Amazon Kinesis Data Streams
The course is part of this learning path
This course is part 2 of 2 on how to stream data using Amazon Kinesis Data Streams.
The course covers shard capacity, Kinesis Data Streams as a streaming storage layer, and the basics of securing data in a Kinesis Data Stream.
- Build upon the topics covered in Amazon Kinesis Data Streams Part 1
- Learn about shard capacity, scaling, and limits
- Obtain an in-depth understanding of how a data streaming service is layered and its operations
- Understand how to secure a Kinesis Data Stream
This course is intended for people that want to learn how to stream data into the AWS cloud using Amazon Kinesis Data Streams.
To get the most out of this course, you should have a basic knowledge of the AWS platform.
Hello! I'm Stephen Cole, a trainer here at Cloud Academy and I'd like to welcome you to this lecture presenting a discussion on the topic of Amazon Kinesis Data Streams security.

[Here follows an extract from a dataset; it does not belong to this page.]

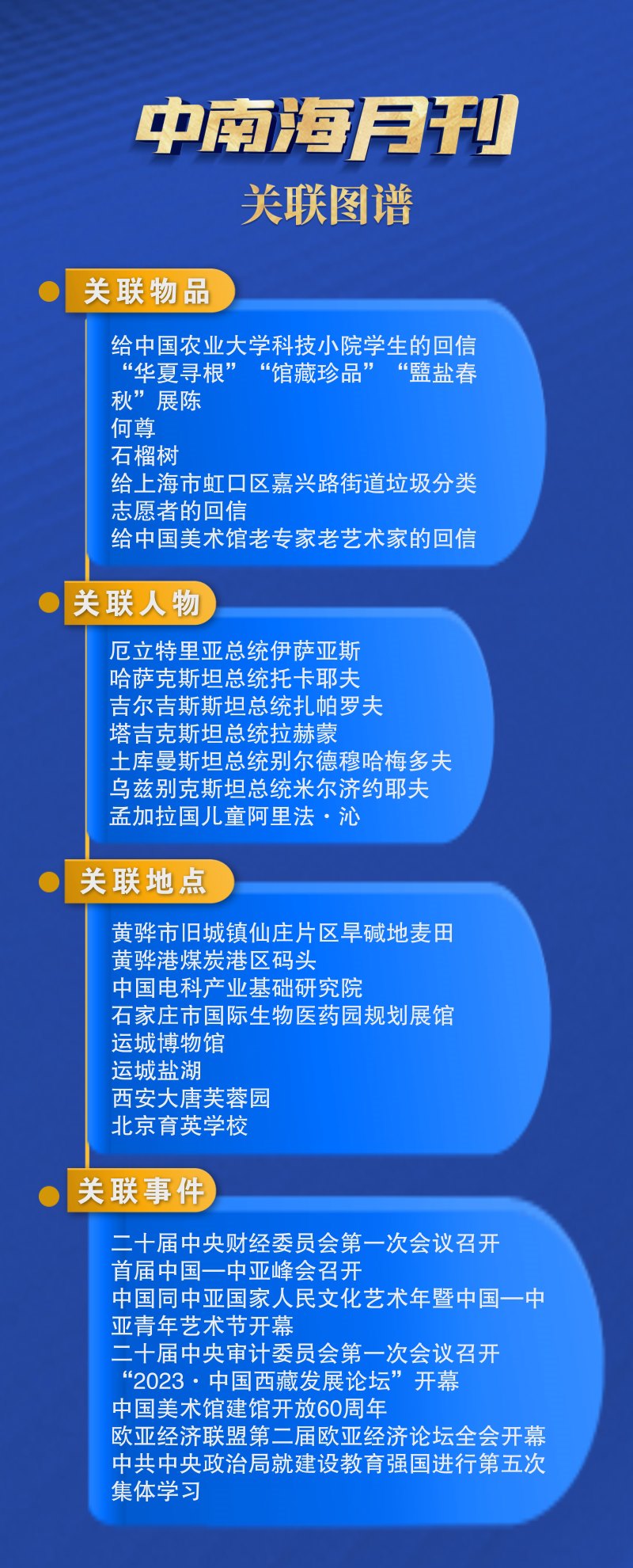 分析觀察央視網(wǎng)I學(xué)習(xí)數(shù)據(jù)庫(kù)生成的本月關(guān)聯(lián)圖譜,和中華文明相關(guān)聯(lián)的物品、地點(diǎn)、事件引人關(guān)注,彰顯出總書(shū)記對(duì)中華文明的一貫重視和保護(hù)。

As a quick review, I'm going to start with a discussion of security principles before moving into the topic of how to secure a Kinesis Data Stream.
In a production account, it's important to follow the Principle of Least Privilege.
There are a number of reasons to do this and they generally fall under three categories; organizational, technical, and personal.
In general, we are stewards of the data in our care. From an organizational standpoint, giving people the least amount of access required to do their job ensures that the risk for unauthorized access and use of data is limited.
From a technical standpoint, building a set of controls for data stewardship that is modular makes compliance within an organization easier to manage, obey, and enforce.
Considering personal reasons and human nature being what it is, it is always easier to give people more privileges over time than it is to take access away. Try taking away permissions for anything and see what happens. Put another way, can you remember a time that someone took access privileges away from you? Even if you don't need them--or having them adds unwanted stress to your life--it has an emotional impact.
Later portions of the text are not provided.